1. Concentrated Solar Power

Last year, renewable energy technologies like wind and solar were the fastest growing new sources of electricity in the U.S. — and though the recession has slowed down expansion, green power is still set to take off under President Barack Obama. But if America is ever going to truly run on renewable energy — less than 12% of U.S. electricity currently comes from alternatives sources, and most of that from older types like nuclear and hydro — we'll need to embrace next-generation technologies.

When most of us think about solar power, we picture the silicon panels that dot our greener neighbors' roofs, converting the sun's rays directly into electricity. But there's another, simpler type of solar power that uses massive mirrors to focus the heat of the sun, creating steam that can drive electric turbines. The advantages of concentrated solar power (or solar thermal, as it's also known) is that utilities can build commercial-scale plants that could potentially replace fossil fuel-powered plants for a lot less money than what it would take to install thousands of distributed solar photovoltaic panels. The 354-megawatt (MW) Solar Energy Generating Systems plant in California's Mojave Desert is the largest such solar installation in the world, and last year the Spanish company Acciona built a new 64-MW plant outside Las Vegas. The vast, sun-soaked desert of the American Southwest has tremendous solar thermal potential — by one estimate a single, massive plant 100 miles on each side could supply enough electricity for the entire country. Granted, that's a big patch of land — but it's not much to power a nation.


2. Tidal Energy

Anyone who has been caught in a nasty undercurrent knows the power of the tides. And just as windmills can covert the physical energy in a breeze into electricity, tidal turbines can do the same for the motion in the ocean. The engineering principle is no different — the steady currents found in coastal of water like Canada's Bay of Fundy turn the rotors of an underwater turbine. But tidal streams are far more predictable than wind, which means utilities using tidal don't have to worry about unexpected still days. The cost of putting equipment under water and concerns about the impact on the marine environment have kept tidal experimental, but that's beginning to change.

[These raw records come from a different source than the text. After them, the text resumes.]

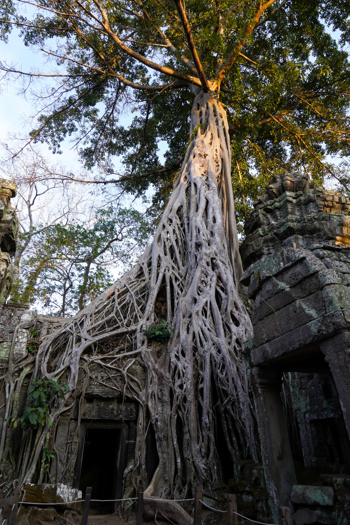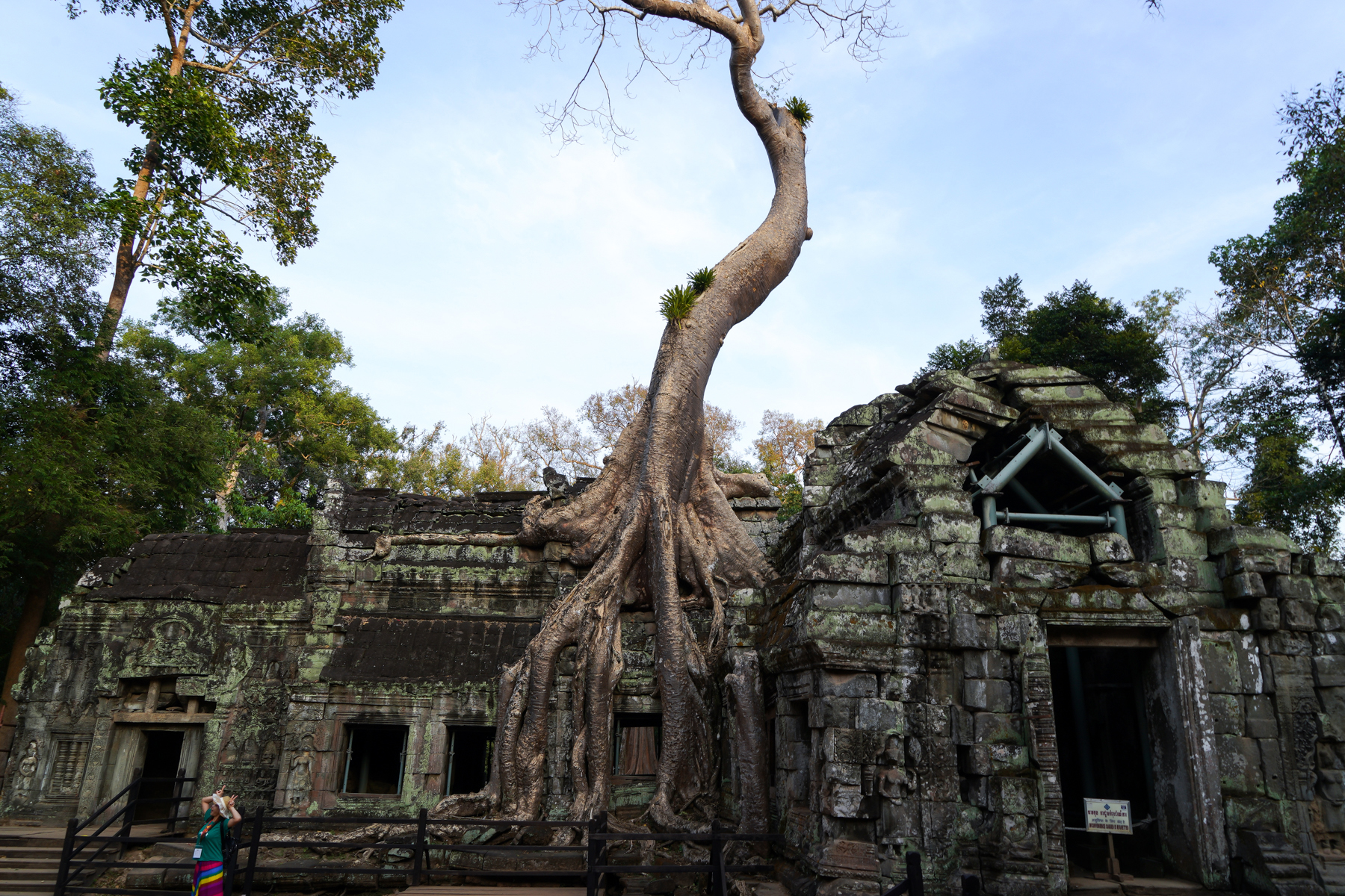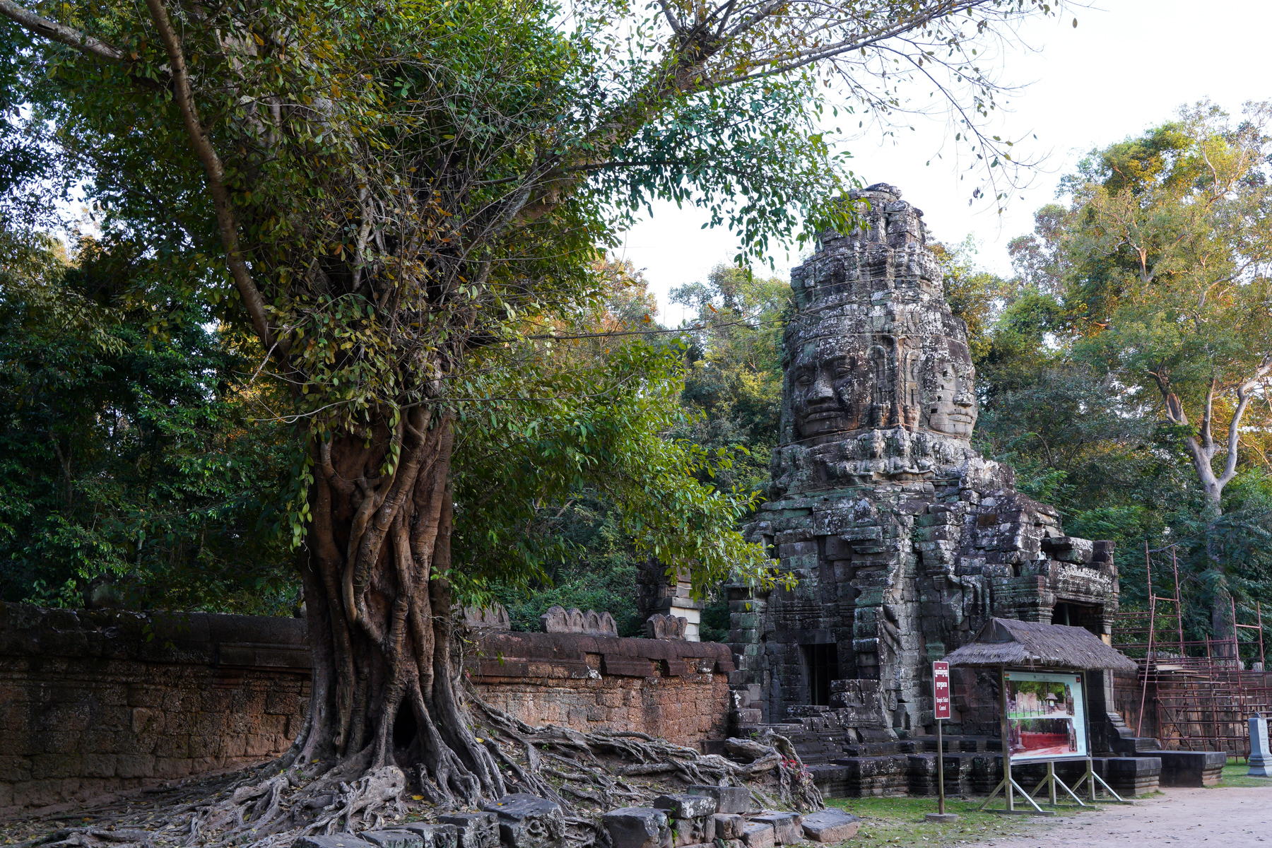 나무의 뿌리가 사원 벽면을 완전히 감싸 건축물의 일부가 된 듯하여 나무를 제거하면 사원이 붕괴될 것 같기도 하다.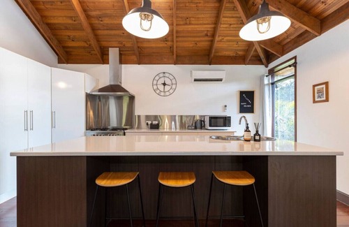 After a day of water sports and relaxing somewhere along one of the many gorgeous Sunshine Coast beaches, come home and enjoy a wine in the private back yard while you prepare a meal in the fully equipped kitchen with an island bench or on the BBQ. The alfresco dining area which looks over to the pool and out to the bush offers peaceful family dining with rustic charm.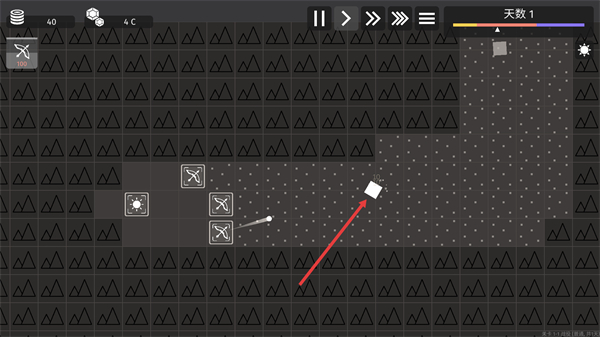 4、當(dāng)敵人出現(xiàn)后,已部署的防御塔會自動發(fā)起攻擊,等待防御塔消滅敵人,推進(jìn)關(guān)卡的天數(shù)進(jìn)度。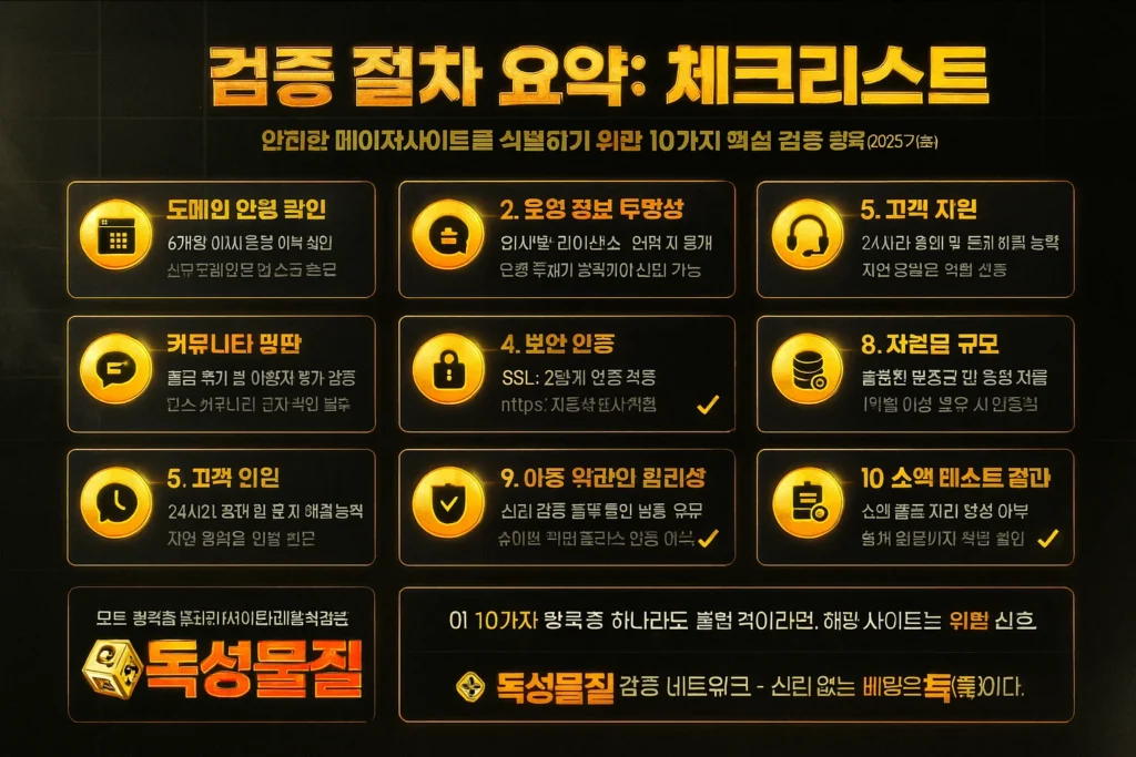 먹튀검증을 체계적으로 수행하기 위한 필수 체크리스트입니다: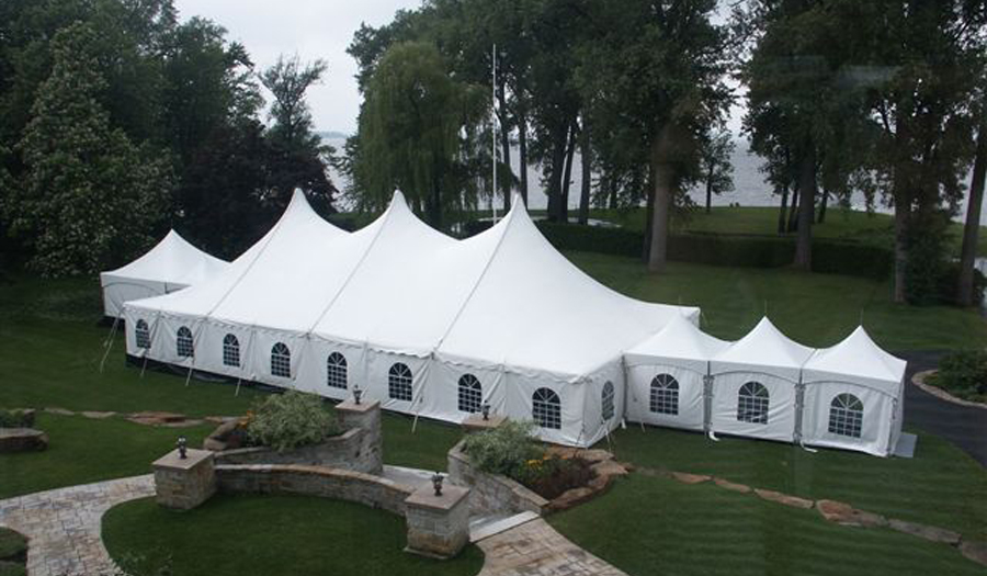 The marquees, commonly called “pole tents”, are erected through the placement of one or more center poles that serve to support the roof. The center posts are arranged vertically in the center of the marquees. It is precisely these posts that create the pretty gables of the marquee.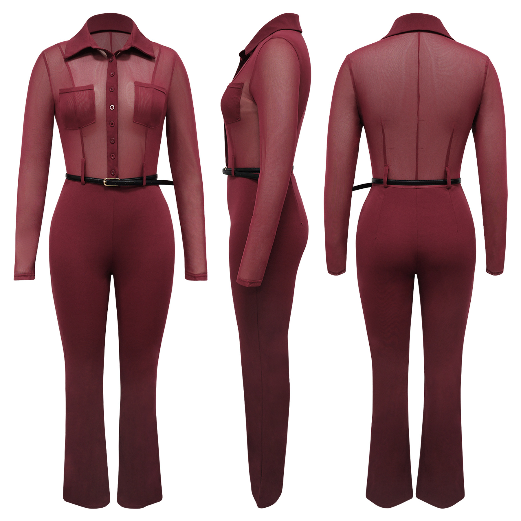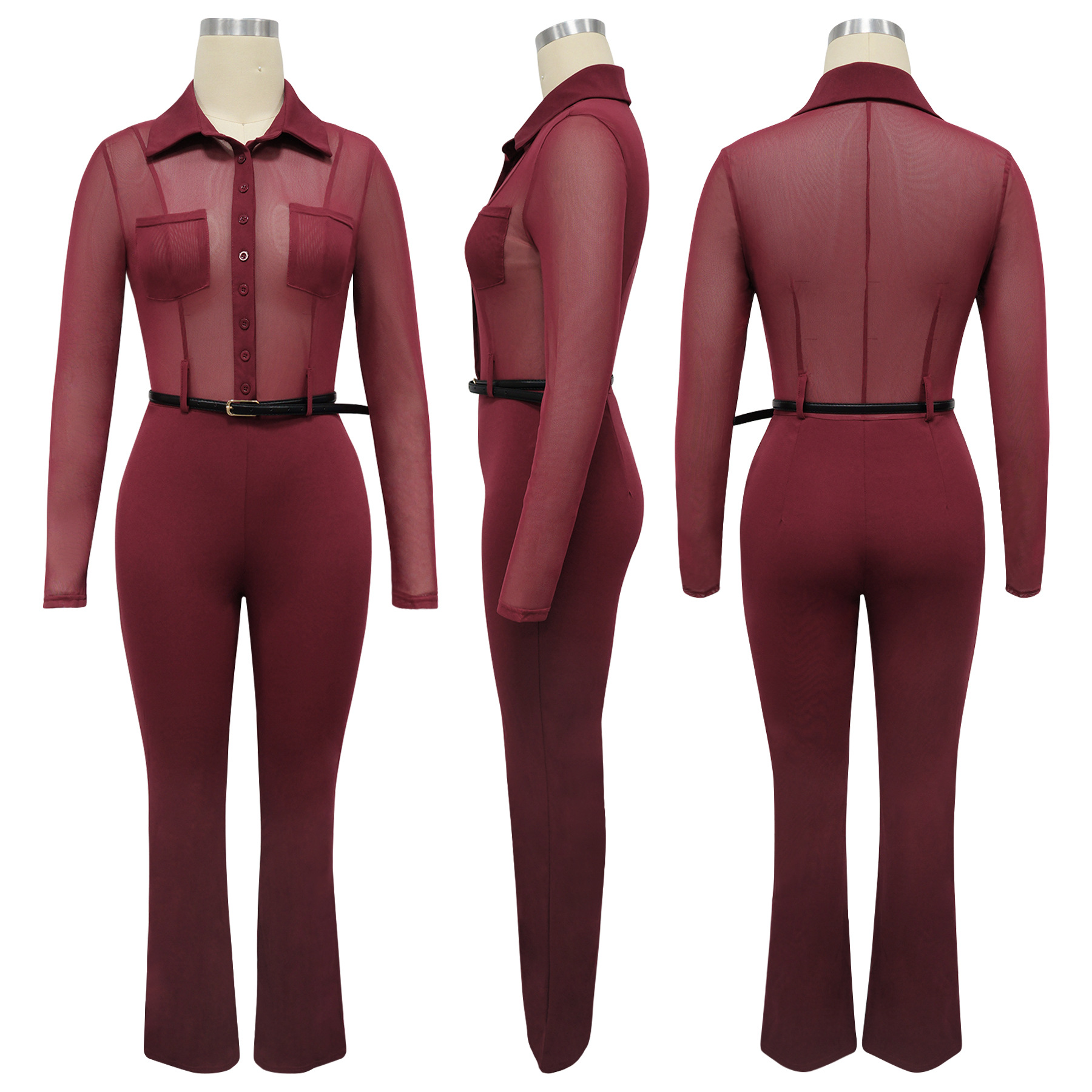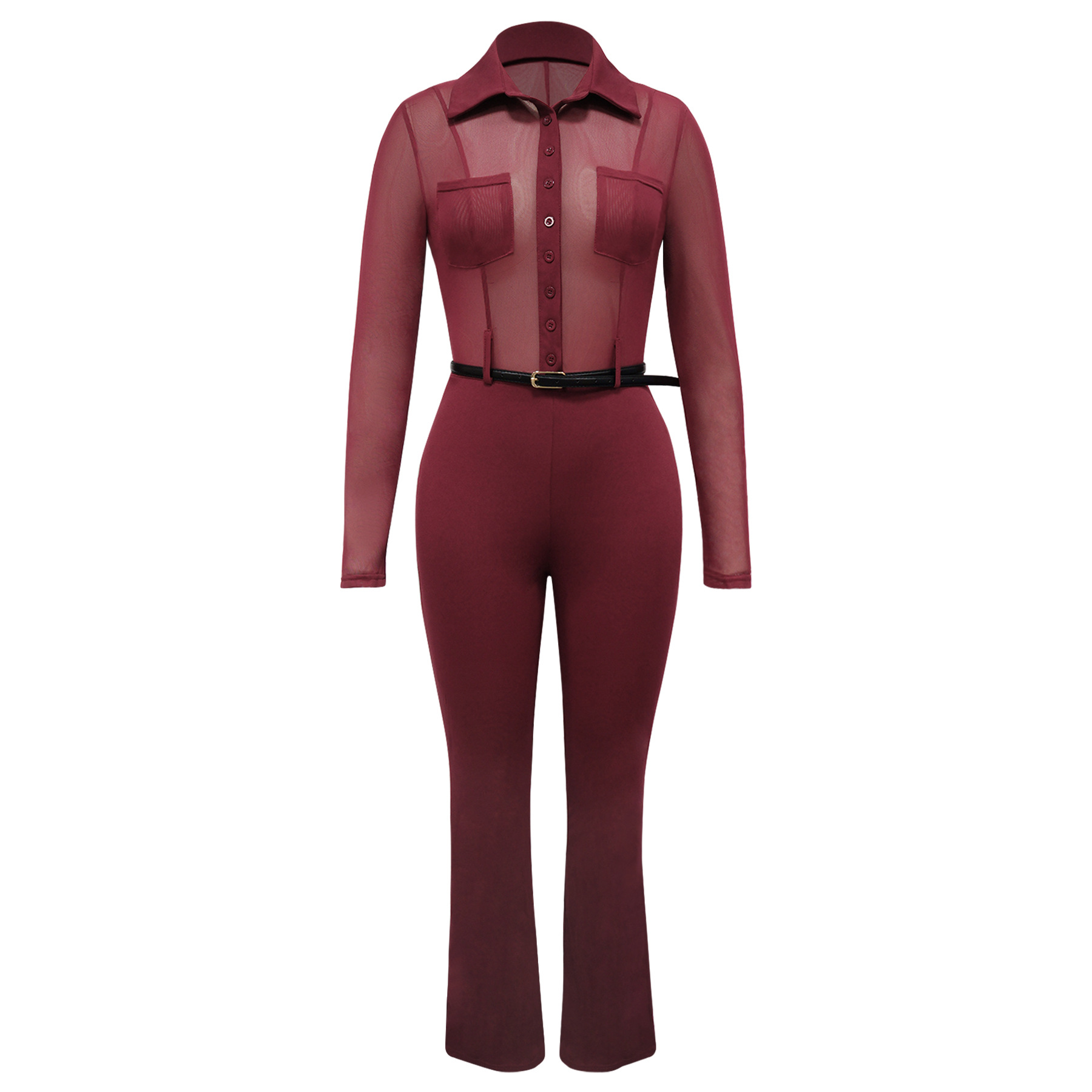 Copy| Product Name | Perspective long sleeved tight fitting jumpsuit |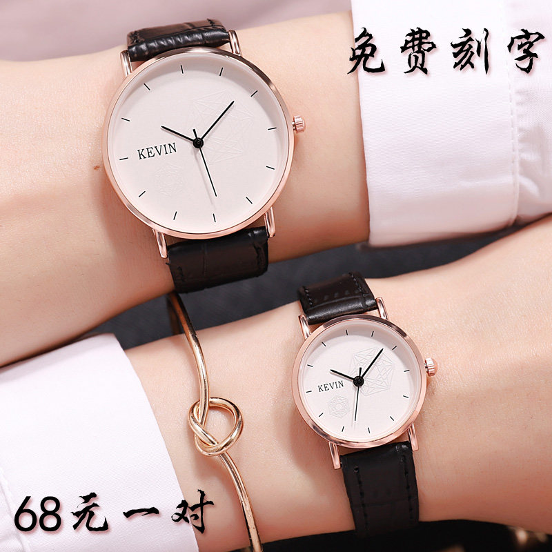简约创意男女学生潮流情侣皮带手表 定制刻字LOGO 生活防水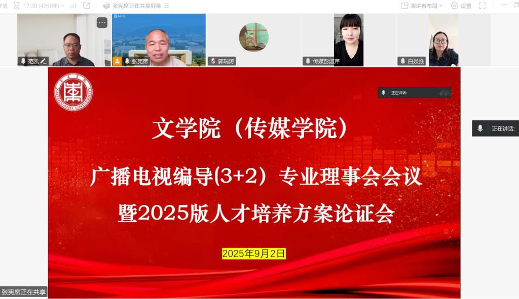 为进一步优化广播电视编导(3+2)、影视编导专业人才培养方案,适应行业发展与教育教学改革需求,9月2日,6776永利集团(传媒学院)在线上召开广播电视编导(3+2)、影视编导专业理事会会议暨2025版人才培养方案论证会。
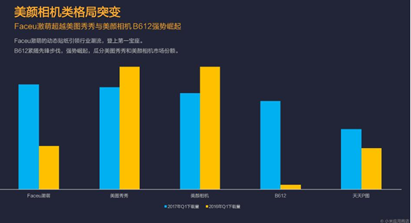 智能手机的拍照便携性和用户爱美的天性孕育出了美颜相机行业。从下载量分布看,传统两强美图秀秀和美颜相机同比2016年都出现明显的下滑,反倒是“Faceu激萌”凭借动态贴纸功能迅速笼络用户,登上了下载量第一的宝座。另外值得注意的是,过去的第一季度,B612美颜应用虽然暂列第四位,但同比增长非常迅猛,大有杀入前三名的可能。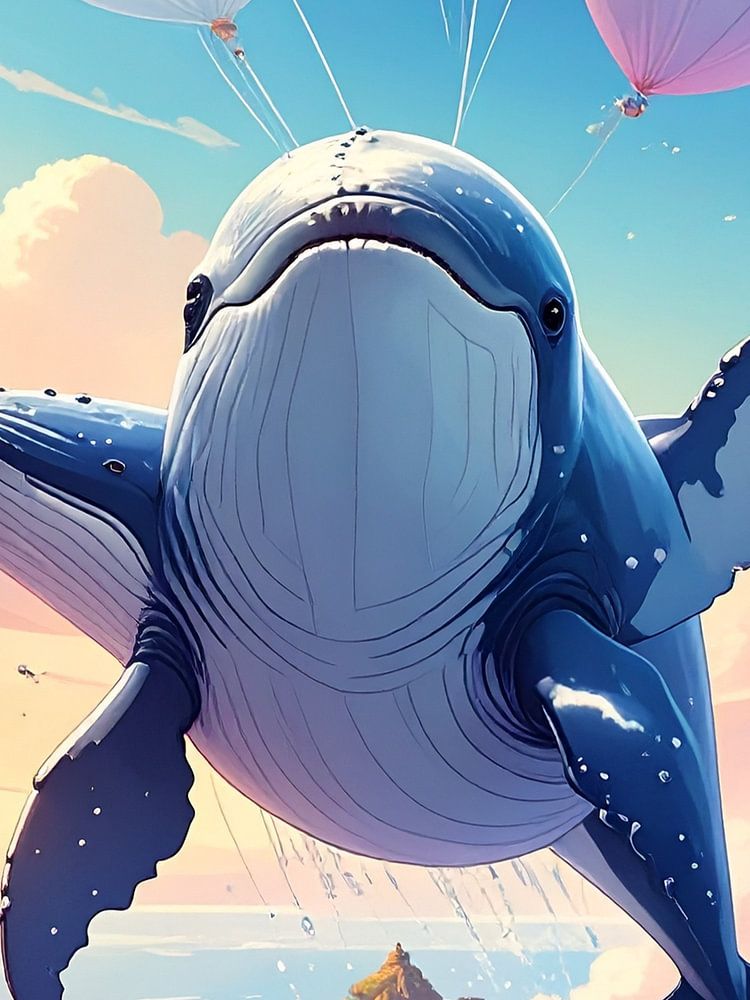 Illustration abstraite joyeuse et colorée d'une baleine sautant hors de l'eau, avec des éclaboussures dynamiques et picturales. Le dessin est lumineux, fantaisiste et moderne.

Verdant Power recently completed a successful trial in New York City's East River, and the UK-based Marine Current Turbines is preparing for a 10.5 MW project off the coast of Wales.


3. Smart Grid

Our electrically-powered TVs and iPods might be state-of-the-art, but the grid that brings that juice to our homes is barely 20th century. The U.S. electrical grid is antiquated, prone to breaking down and terribly wasteful. Utilities don't even know there has been a power outage until customers pick up the phone and call them. But we could achieve tremendous energy savings — and emit less carbon — if we marry the electrical grid to the networked power of the Internet, in a concept called the smart grid. Intelligent, networked electrical meters could track exactly how much electricity we're using, and adjust our rates and usage patterns automatically for maximum efficiency. A smart grid would lessen demand overall, allowing for intermittent alternative sources of power like wind and solar to be more easily slotted into the electrical supply. Bits and pieces of the smart grid are already taking shape — Obama's stimulus package includes $11 billion for the development of a nationwide smart grid — and utilities like Xcel are starting test projects in cities around the U.S.


4. Offshore Wind

Wind power is great — it's perfectly clean, it's relatively reliable and it can be scaled up quickly. But there are downsides. For one thing, to get to scale, wind farms have to grow and grow, and land is often at a premium. But put wind turbines just offshore, in the water, and you can take advantage of plentiful space and stronger winds. Increasingly, utilities are doing just that, especially in densely populated Europe, which lacks wide open plots of land like the American Great Plains. Offshore wind farms began in the North Sea in Denmark, and can now be found in the Baltic and off the coast of Britain. Though construction and maintenance costs tend to be higher for offshore turbines than land-based ones, offshore wind benefits from lower transmissions costs, since many major cities sit on the coast. There is no offshore wind farm yet in the U.S., but the controversial Cape Wind project near Nantucket Island is moving closer to approval.


5. Algae Biofuel

Biofuel from food plants like corn is simply a bad idea — it does little to reduce carbon emissions, and drives up grain prices. Advanced biofuels from cellulosic material — plant waste and wood — are better, because they don't compete directly with food, but they still need reasonably fertile land in which to grow. Algae — microscopic plant-like organisms that feed on carbon and produce oil that can be used to make fuel — don't have that problem, and that could make them the perfect biofuel. Algae can be grown on waste land in plastic tanks called bioreactors, with little more than sun, heat and water — and the water can be salty, which leaves freshwater for food crops. Even better, algae could efficiently absorb the carbon being put out by fossil fuel power plants, producing a biofuel that is close to being carbon neutral. Algae biofuel is still some way from commercialization — a gallon of the stuff costs as much as $20 — but the technology is progressing. One start-up, Algenol, has plans for a 100 million gallon a year facility in northern Mexico's Sonora Desert.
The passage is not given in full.